The antiplatelet and antithrombotic effects of
FR171113, 3-(4-chlorophenyl)-2-(2,4-dichlorobenzoylimino)-5-(methoxycarbonyl methylene)-1,3-thiazolidin-4-one, a non-
peptide protease-activated receptor 1 (PAR1) antagonist, were evaluated in guinea pigs.

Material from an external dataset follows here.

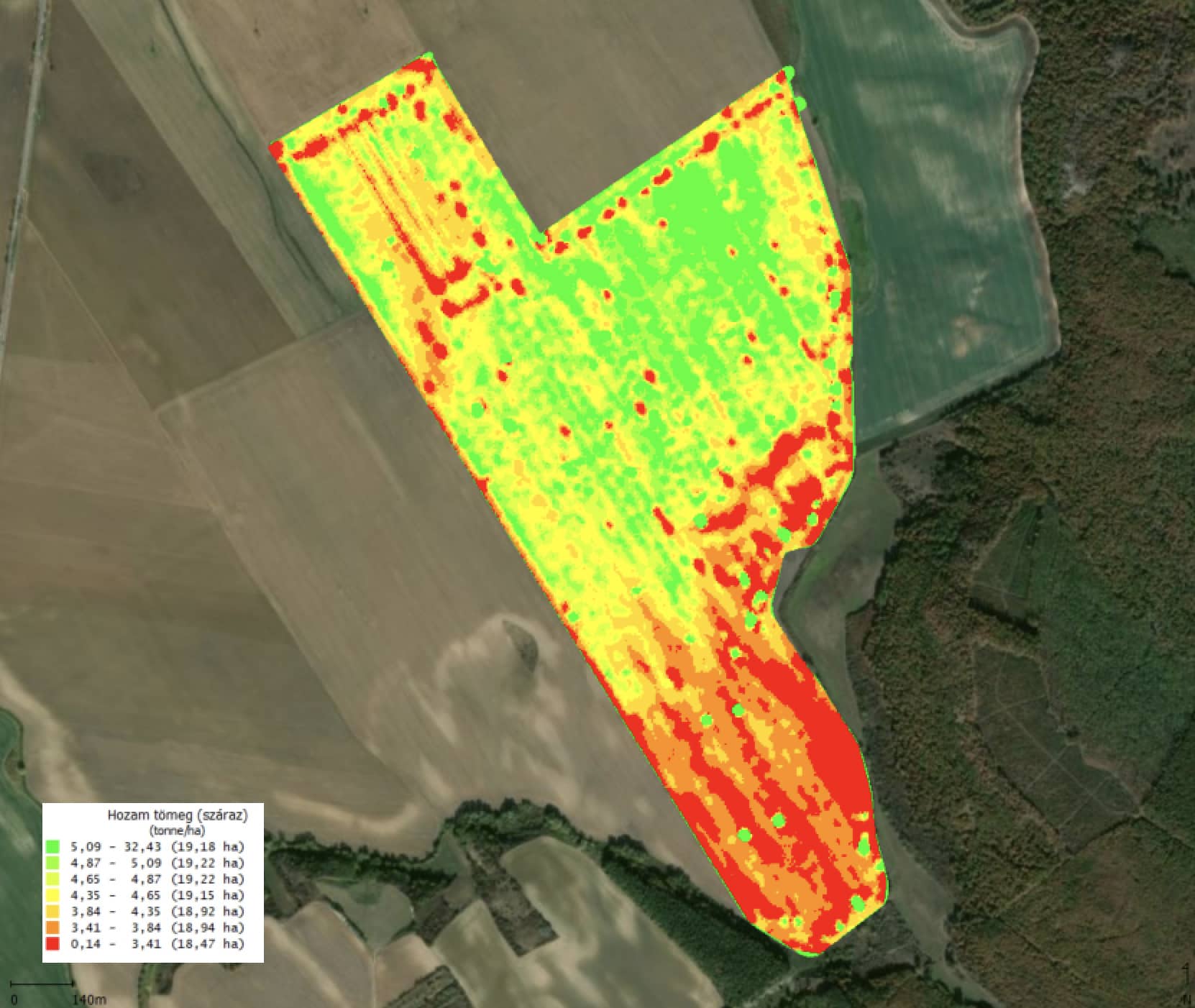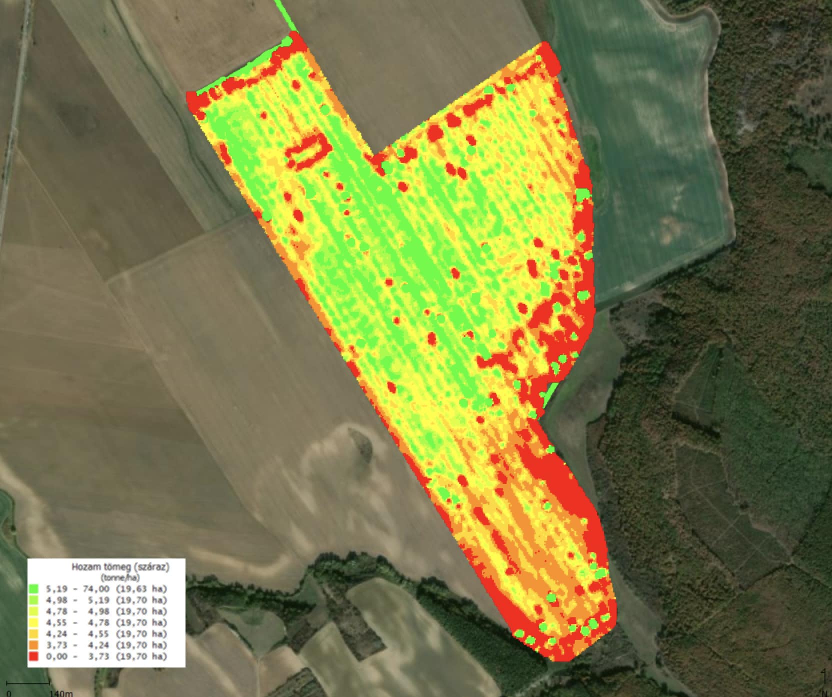A 2023. évi repce tábla esetén látható, hogy a tengerszint feletti magassági értékek (232-270m) jól korrelálnak a hozamokkal.

FR171113 inhibited Ser-Phe-Leu-Leu-Arg-Asn-NH2 (a synthetic PAR1 agonist
peptide)-induced and
thrombin-induced aggregation of guinea pig platelets in a concentration-dependent manner in vitro (IC50=1.5 and 0.35 microM, respectively). Subcutaneous administration of
FR171113 (0.1-3.2 mg/kg) produced a dose-dependent inhibition of platelet aggregation ex vivo. The ED50 value of
FR171113 for platelet aggregation was 0.49 mg/kg s.c. However,
FR171113 did not have an inhibitory effect on
ADP- or
collagen-induced platelet aggregation in vitro and ex vivo. One hour after
FR171113 treatment at 1.0 mg/kg s.c., significant inhibition of arterial
thrombosis without a prolongation of thrombin time or coagulation time was seen in the FeCl3-induced
carotid artery thrombosis model in guinea pigs. Furthermore,
FR171113 did not prolong bleeding time even at 32 mg/kg s.c., which is a much higher dose than that required in the
thrombosis model. These observations indicate that
FR171113 has desirable antiplatelet effects both in vitro and in vivo and that its in vivo antithrombotic activity is efficacious without causing a prolongation of bleeding time.